Plan Your Trip to the Kentucky Bourbon Trail

Aimee Lim / Aiming For Awe / Copyright 2019

BREAKING NEWS: Kev turned 30 last month. THIRTY. And though I may not be far behind, I can still call him an old man for the time being 😂

And since Kev’s birthday was a big deal (obvs), I planned a “surprise” trip for it MONTHS in advance. Then spilled EVERY DETAIL shortly after. So much for a surprise 🤦🏻‍♀️ Regardless, he was stoked. Stoked for a trip through the Kentucky Bourbon Trail with a couple of our fav buds to celebrate his big 3-0!

Jim Beam American Stillhouse in Louisville, Kentucky

Jim Beam American Stillhouse in Louisville, Kentucky

But here’s the thing about Kentucky: there seems to be zero info about it on that giant source of knowledge we call the internet. Sure, we planned our trip just fine and we all came back in one piece (more or less - parts of our livers died there RIP), but we left Kentucky feeling like we missed so much. We would have loved to check out some of the many MANY recommendations we got from locals, but our time just didn’t allow for it 😢 Guess that just means we’ll have our work cut out for us when we’re back!

But just because we missed out on it this time, does NOT mean you have to. If you’re planning a trip to Kentucky, here’s some info that might help you + a few extra recommendations we got from locals that you likely won’t find anywhere else on the web 😉

Kentucky Bourbon Trail

Contrary to popular belief, bourbon isn’t ONLY made in Kentucky - it can be made anywhere in the United States, but Kentucky distills 95% of the world’s bourbon because of its geographical location, limestone-rich water and other cool facts you’ll learn on your tours. Which explains why the Kentucky Bourbon Trail that runs through the state of KY touches over 30 distilleries. YA. THIRTY. So unless you’re aiming to visit them ALL (no judgement - you do you), then it might be in your best interest to pick a handful of your fav bourbons (or in this case, your BF’s fav bourbons) and check those distilleries out.

Pictured above: Photos from the Woodford Reserve Distillery Tour.

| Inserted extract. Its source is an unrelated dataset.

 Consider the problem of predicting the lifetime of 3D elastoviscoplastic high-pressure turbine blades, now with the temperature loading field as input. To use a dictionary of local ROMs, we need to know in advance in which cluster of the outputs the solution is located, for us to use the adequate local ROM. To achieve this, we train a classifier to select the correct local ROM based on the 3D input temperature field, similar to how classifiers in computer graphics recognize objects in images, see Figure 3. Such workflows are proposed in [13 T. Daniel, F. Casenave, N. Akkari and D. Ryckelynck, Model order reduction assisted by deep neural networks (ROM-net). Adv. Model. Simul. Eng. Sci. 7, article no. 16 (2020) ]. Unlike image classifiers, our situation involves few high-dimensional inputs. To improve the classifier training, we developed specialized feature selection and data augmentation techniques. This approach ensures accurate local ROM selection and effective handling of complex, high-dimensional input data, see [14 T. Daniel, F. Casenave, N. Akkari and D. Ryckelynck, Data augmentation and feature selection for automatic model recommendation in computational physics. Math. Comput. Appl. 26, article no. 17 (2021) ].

The distilleries you pick will pretty much determine the route for your whole trip. We visited:

Jim Beam Urban Stillhouse
Jim Beam American Stillhouse
Maker’s Mark
Woodford Reserve
Wild Turkey

And in that order. But if you look at a map of these distilleries, they’re not exactly close together. Which is why we decided to fly into Louisville and then fly out of Lexington.

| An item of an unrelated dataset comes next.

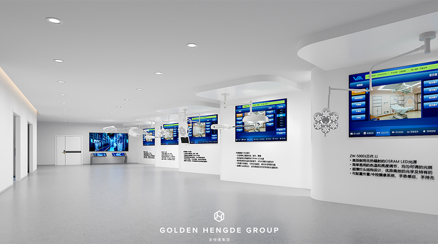 除此之外,辦公樓內(nèi)還專門設(shè)置了公司的產(chǎn)品展廳。入口處的陳列區(qū)以階梯式排列,產(chǎn)品配套的LED大屏同步介紹,使得客戶可以更直觀地了解每個(gè)產(chǎn)品的性能。同時(shí),空間內(nèi)還配有多間模擬醫(yī)療手術(shù)室,這些手術(shù)室均搭配公司的產(chǎn)品,不僅能更好地展示產(chǎn)品,還能讓客戶身臨其境地感受到產(chǎn)品的魅力。

Bourbon distillery map in Kentucky - Plan Your Trip to the Kentucky Bourbon Trail -

Pictured above: Photos from our Maker’s Mark Distillery Tour.


There are 2 major airports where you’re going in Kentucky: The Louisville International Airport and The Bluegrass Airport in Lexington. They’re about a 2 hour drive apart from each other and since the KBT is stretched across a big chunk of Kentucky, the distilleries you pick will help you decide which airports to use.

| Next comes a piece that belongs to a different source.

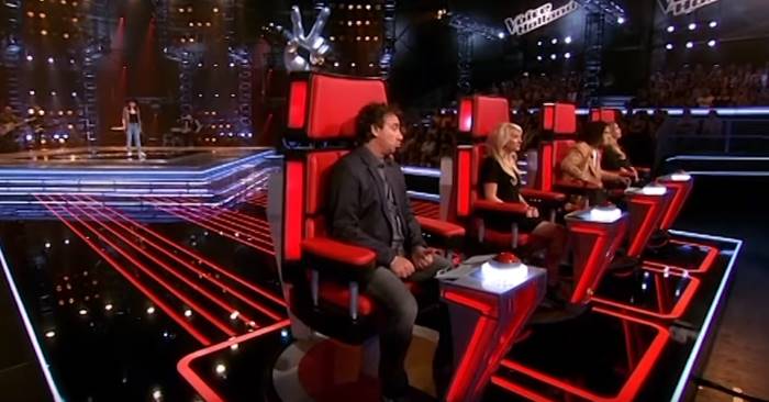Med en gang hun begynner å synge, trykker to av dommerne på knappen, og de andre to bare et øyeblikk etter.

BUT WAIT. Before you book your flights, check to see if there are any major events happening while you’re in town... like ummm THE KENTUCKY DERBY. This might play a part in which airports you use too (I’m still kicking myself for booking our flights before realizing the Derby was happening the same week). And I call myself a pro 🤦🏻‍♀️ More on this down there 👇🏻


Looking for transportation options for your KBT trip? HA. Good luck. We spent hours looking for a solution that allowed us to be safe (no drinking and driving 🙅🏻) but that was also a reasonable price. And we found nothing. Nada. So be prepared to spend a pretty penny on transportation alone.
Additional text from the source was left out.